The image is here because I can't upload images to stackoverflow (reputation is to low)

I abstracted the side of the polygon so we can focus on that. The left picture is before scaling. Now I've drawn the "whole" gradient to show what needs to be scaled. In order to figure out the needed coordinates one just scales the square of the gradient in the same proportion as the side of the polygon.

I know this image is without rotation but this method can be expanded to also incorporate this.

I can derive an algorithm for this stuff but haven't had the time to do so. So if this is what you want let me know and I will get to it tomorrow.

You can apply transformations to gradients, this means you can do stuff such as gradientTransform="rotate(45). This solves your rotation issue.

You should use relative units and set the userspace to objectBoundingBox so that the x and y values correspond to the dimensions of your polygon. Your svg would look like this.
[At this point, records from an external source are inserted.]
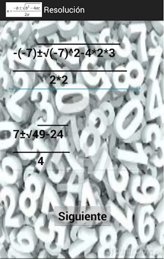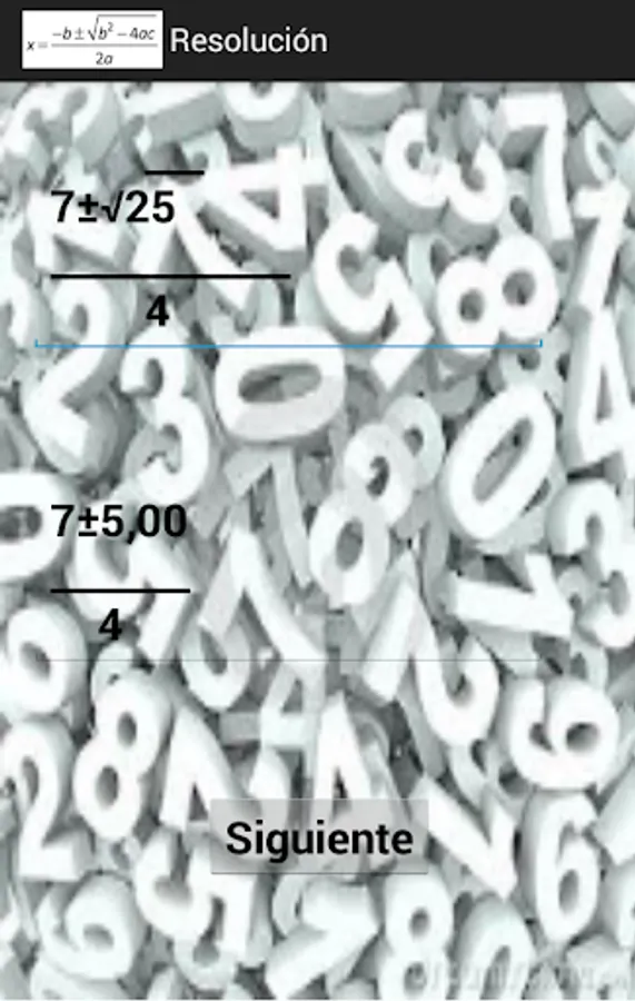 This application shows all the steps performed to solve a quadratic equation.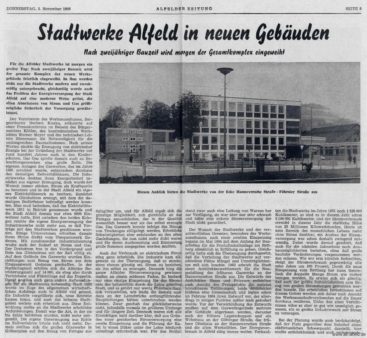 Zu diesen Bild schrieb die Alfelder Zeitung: Blick auf einen Teil der neuen Gebäude der Stadtwerke von der Föhrster Straße aus. Rechts das Betriebsgebäude, in dem auch die Verwaltung untergebracht ist, dahinter die Schaltstation, und das Fünffamilienwohnhaus und der alte Gasometer.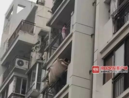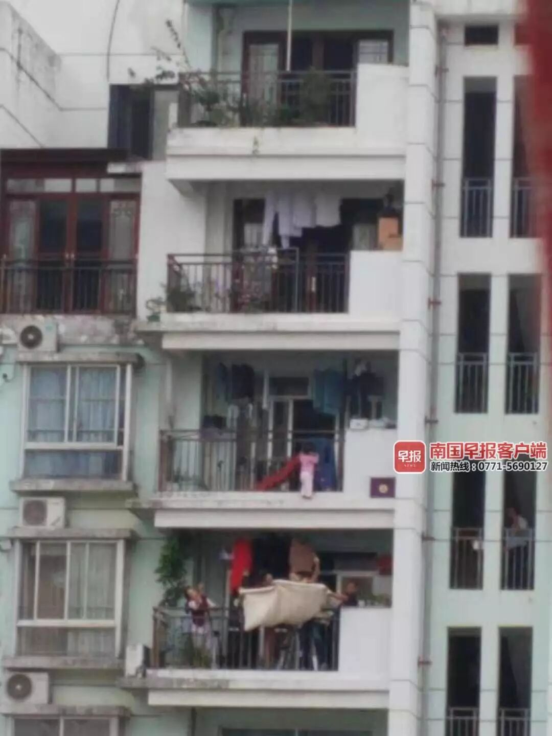 10月23日上午8:00许,在南宁市同和华彩小区B区4栋3单元,10楼的一个小女孩爬出窗外,情况危急,小区居民发现后纷纷赶来救援。有人在楼下撑起被子,有人在9楼撑起被子。家长及时赶回,剪断隐形防盗网,把孩子救了下来。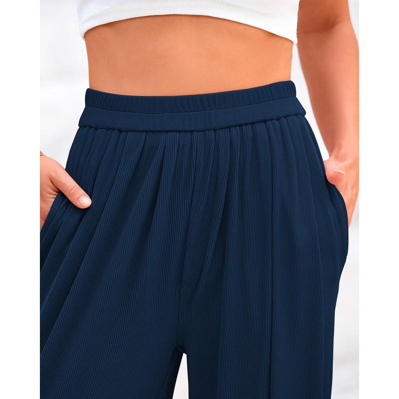 BTFBM Womens Casual Wide Leg Pants Summer Fall Clothes Pleated Elastic Waist Loose Palazzo Knit Trousers with Pockets(Navy, Medium)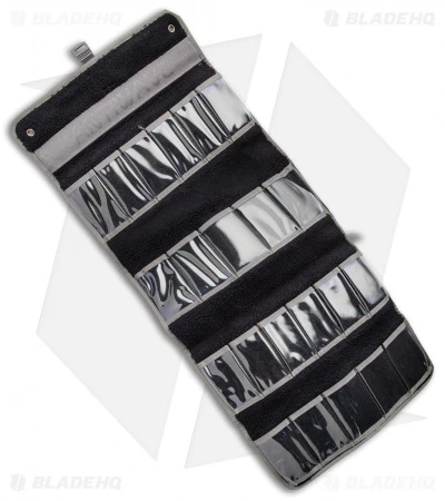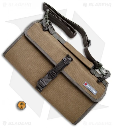 Protect your knives with the Real Steel Pilgrim 22 Knife Bag. It is made of coyote tan 1050 ballistic nylon with a berber fleece interior to protect from scratching and weathering. It features 22 TUP see-through pockets for holding each of your knives. It has a handle for easy carry and measures 7.7″ x 14.2″ x 2.5″. The front has an aluminum plate for added protection and a Duraplex quick release access and lock.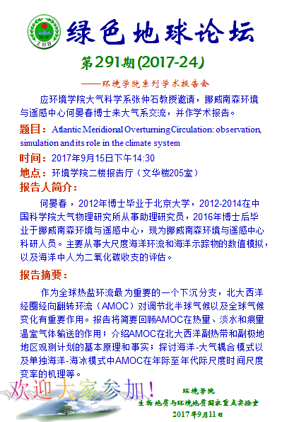 绿色地球论坛第291期(2017-24) ——beat365中文官方网站系列学术报告会 题目:Atlantic Meridional Overturning Circulation: observation, simulation and its role in the climate system (北大西洋经圈翻转环流的观测、模拟及其在气候系统中的作用) 时间:2017年9月15日下午14:30 地点:beat365中文官方网站二楼报告厅(文华楼205室)

<svg xmlns="http://www.w3.org/2000/svg" version="1.1">  <linearGradient id="top_surface_2_gradient" gradientUnits="objectBoundingBox" x1="0%" y1="0%" x2="100%" y2="100%" gradientTransform="rotate(0 0.5 0.5)">    <stop  offset="0" style="stop-color:#000"/>    <stop  offset="1" style="stop-color:#fff"/>  </linearGradient>  <polygon id="top_surface_2" fill="url(#top_surface_2_gradient)" points="205.788,215.557 137.215,174.354 0.078,256.629 68.649,297.823"/></svg>​

You can test how it works on different sized polygons here: http://jsfiddle.net/hqXx2/